Se qualche coraggioso volesse avventurarsi in una coproduzione con gli States conviene che prima legga Un giorno quest’America – Diario avventuroso di un regista italiano nell’America di Obama (Aliberti editore, Roma, 2012), giornale di bordo tenuto durante i due anni complessivi di lavorazione. Attraverso racconti lampo, ricordi, incontri eccellenti, squarci sul sociale, ma soprattutto sul sistema Hollywood, l’autore spazia dalla tecnologia alla politica, restituendoci un Paese affascinante e illogico in cui, da un momento all’altro, potresti trovarti con il film bloccato dal figlio di Jimmy Hoffa (1913-1975), fondatore del potentissimo sindacato dei Teamsters e più volte sospettato di avere rapporti con la malavita (sullo schermo ha avuto il volto di Jack Nicholson in Hoffa: santo o mafioso? di De Vito e ha ispirato il dimenticato F.I.S.T. di Norman Jewison).

Vale la pena raccontare il fatto per intero. In seguito ai rimproveri mossi ad alcuni membri della troupe, una mattina, il regista viene convocato da una delegazione delle union, presiedute appunto da Hoffa Jr., che ha deciso di fermare la lavorazione della pellicola: “Mi impongono di chiedere scusa in stile vagamente littorio. «Apologize», questo il termine richiesto dalla delegazione. […] Non ho nessuna intenzione di chiedere perdono di fronte a questa specie di tribunale improvvisato. Decido di bluffare. Dico che se insistono, noi leviamo le tende e andremo a finire il film in Canada. Alla parola Canada, la fermezza della delegazione vacilla. Così, di fronte alla prospettiva di far perdere l’occupazione ai loro stessi associati, viene patteggiata una soluzione onorevole per entrambi” (p. 87-88).
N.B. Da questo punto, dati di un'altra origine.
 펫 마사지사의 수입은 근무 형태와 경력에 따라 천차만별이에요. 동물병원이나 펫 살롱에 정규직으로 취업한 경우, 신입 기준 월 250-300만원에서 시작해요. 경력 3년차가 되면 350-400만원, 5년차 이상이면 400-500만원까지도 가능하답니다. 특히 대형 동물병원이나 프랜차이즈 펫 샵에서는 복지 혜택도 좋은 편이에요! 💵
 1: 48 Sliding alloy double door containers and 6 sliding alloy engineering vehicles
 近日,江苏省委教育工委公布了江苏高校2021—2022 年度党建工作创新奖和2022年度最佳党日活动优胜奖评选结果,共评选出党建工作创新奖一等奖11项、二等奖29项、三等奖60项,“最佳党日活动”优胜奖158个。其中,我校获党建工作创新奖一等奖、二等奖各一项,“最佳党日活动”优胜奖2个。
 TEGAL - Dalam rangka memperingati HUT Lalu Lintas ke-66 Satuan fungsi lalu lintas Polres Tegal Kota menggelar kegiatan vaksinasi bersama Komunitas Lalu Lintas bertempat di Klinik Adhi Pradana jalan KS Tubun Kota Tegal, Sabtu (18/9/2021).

Per quanto riguarda il funzionamento di questi strani sindacati che il libro ha il merito di rendere noto, il discorso è semplice: in produzioni al di sotto del milione e mezzo è possibile assumere chiunque, sopra quel limite, invece, possono essere impiegati solo membri appartenenti alle union, “la cui contraddizione più eclatante – scrive Faenza – non è fissare regole e restrizioni il più delle volte assurde, ma non proteggere i lavoratori quando non lavorano. Infatti se la produzione decide di non lavorare un giorno, la troupe resta a casa senza essere pagata” (p. 56-57).
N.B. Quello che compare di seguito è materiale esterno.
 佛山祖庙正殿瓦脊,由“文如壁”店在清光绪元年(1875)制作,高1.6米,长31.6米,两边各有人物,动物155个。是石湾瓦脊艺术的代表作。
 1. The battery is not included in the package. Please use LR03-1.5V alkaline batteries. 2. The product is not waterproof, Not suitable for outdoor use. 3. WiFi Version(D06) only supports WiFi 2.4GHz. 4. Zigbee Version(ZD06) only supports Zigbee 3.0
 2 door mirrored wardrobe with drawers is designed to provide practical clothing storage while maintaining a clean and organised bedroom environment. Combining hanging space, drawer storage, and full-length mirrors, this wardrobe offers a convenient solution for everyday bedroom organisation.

Proprio per la sua natura diaristica, la scrittura ha toni urgenti che cambiano colore di argomento in argomento: è divertita, impegnata, riflessiva, didattica, esaltata, aneddotica, scorata, non di rado sbalordita, soprattutto quando racconta di una burocrazia verso cui nulla può il buonsenso. In ciò è parecchio differente dal film tra le pause del quale nasce, il più fluido e omogeneo del cineasta da molto tempo a questa parte. Ispirato all’omonimo romanzo di Peter Cameron e con un cast di cui fanno parte Marcia Gay Harden e Toby Regbo, Un giorno questo dolore ti sarà utile mette in campo il diciassettenne James Sveck, novello giovane Holden alle prese con una famiglia a dir poco disfunzionale. Gli danno fiato l’intenso rapporto con Nanette, nonna-amica interpretata dalla grande Ellen Burstyn, e gli incontri con la life coach/psicoterapeuta di Lucy Liu. A proposito, l’italiano che Faenza ha voluto con sé nella Grande Mela è Maurizio Calvesi, autore della luminosa fotografia.